Thank you for the help!

 rm -f ~/.setroubleshootrc 
removed the senseless warnings recorded in Comment 39.

(for the record that file was something like an empty line followed by a option=value pair with empty value)

setroubleshoot-2.2.63-2.fc12 has been pushed to the Fedora 12 stable repository.  If problems still persist, please make note of it in this bug report.

I had no problems with NetworkManager, but after install the rpm's today, I received 46 duplicate errors of this bug.  I have a fresh F12 install and use a wireless connection.

Greg Ennis

Here is what I installed this afternoon :

Mar 07 15:44:12 Installed: live555-0-0.24.2009.07.28.fc12.i686
Mar 07 15:44:15 Installed: libdca-0.0.5-5.fc12.i686
Mar 07 15:44:17 Installed: fribidi-0.19.2-2.fc12.i686
Mar 07 15:44:18 Installed: enca-1.10-1.fc12.i686
Mar 07 15:44:20 Installed: libdvdnav-4.1.4-0.1.svn1184.fc12.i686
Mar 07 15:44:22 Installed: libcaca-0.99-0.9.beta16.fc12.i686
Mar 07 15:44:26 Installed: mplayer-1.0-0.111.20091029svn.fc12.i686
Mar 07 15:44:28 Installed: mencoder-1.0-0.111.20091029svn.fc12.i686
Mar 07 15:44:32 Installed: gnome-mplayer-common-0.9.8-1.fc12.i686
Mar 07 15:44:41 Installed: gnome-mplayer-0.9.8-1.fc12.i686
Mar 07 15:44:45 Installed: gecko-mediaplayer-0.9.8-2.fc12.i686

Greg how is /var/lib/NetworkManager labeled?
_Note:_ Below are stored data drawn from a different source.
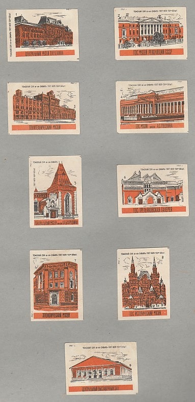Набор спичечных этикеток. Музеи Москвы (II), 1961 год. 9 штук Томский СНХ. Фабрика "Сибирь", (наклеены на лист 245/325 мм)
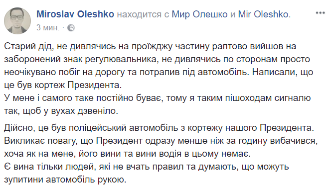 А вот блогеры, поддерживающие президента, ополчились на старика, которого сбила президентская машина. Так, известный "порохобот" Мирослав Олешко заявил, что у него "такое постоянно бывает", а виноват исключительно пешеход.
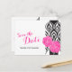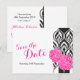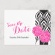Salve o cartão postal de casamento moderno e luxuoso com cravo dianthus rosa, preto, branco e um toque de rosa brilhante. Personalize com os detalhes do seu casamento. Projetado por Sarah Trett.
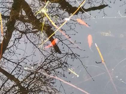 何度か様子を見に行くと、キレイにしてくれたビオトープには無事金魚が育っていました!
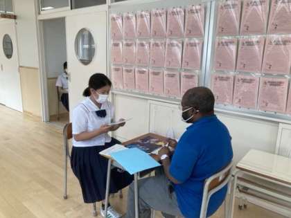 9月8日(木) 3年授業の様子 公開日 2022/09/08 更新日 2022/09/08 学校生活 英語の授業では、リーディングテストを行いました。教科書の物語文の指定の部分を、制限時間内に登場人物になりきって読むことが求められる中、1人1人が自分で設定した目標を達成し、授業や自宅での練習の成果を発揮しようと、奮闘していました。
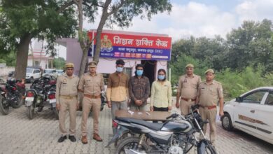 चैकिंग के दौरान तीन वाहन चोर गिरफ्तार, चोरी की बाईक व तंमचा बरामद

ls -ldZ /var/lib/NetworkManager

I did the restorecon command and it went to the next prompt. I then used the command to find out how it was labeled and this is what I discovered.  I am asumming this is the right forum.  i am very new to Linux.

[root@fedora Reykvid]# restorecon -R -v var/lib
[root@fedora Reykvid]# ls -ldZ /var/lib/NetworkManager
drwxr-xr-x. root root system_u:object_r:var_lib_t:s0   /var/lib/NetworkManager

Nope that is wrong.

Are you sure you have the correct policy installed.

yum reinstall selinux-policy-targeted
rpm -q selinux-policy-targeted

I did the yum reinstall selinux-policy-targeted.  This is the result I got.



Installed:
  selinux-policy-targeted.noarch 0:3.6.32-103.fc12                              

Complete!
[root@fedora Reykvid]# rpm -q selinux-policy-targeted
selinux-policy-targeted-3.6.32-103.fc12.noarch


Is this correct?

matchpathcon /var/lib/NetworkManager

restorecon -R -v /var/lib/NetworkManager

I did the matchpathcon and restorecon steps. This is the results on my screen.


[root@fedora Reykvid]# matchpathcon /var/lib/NetworkManager
/var/lib/NetworkManager	system_u:object_r:NetworkManager_var_lib_t:s0
[root@fedora Reykvid]# restorecon -R -v /var/lib/NetworkManager
[root@fedora Reykvid]# 



I will await further instructions.

That is correct label.   You should not see the AVC anymore.

Thank you so much for your help.  I really appreciate you walking me through this process.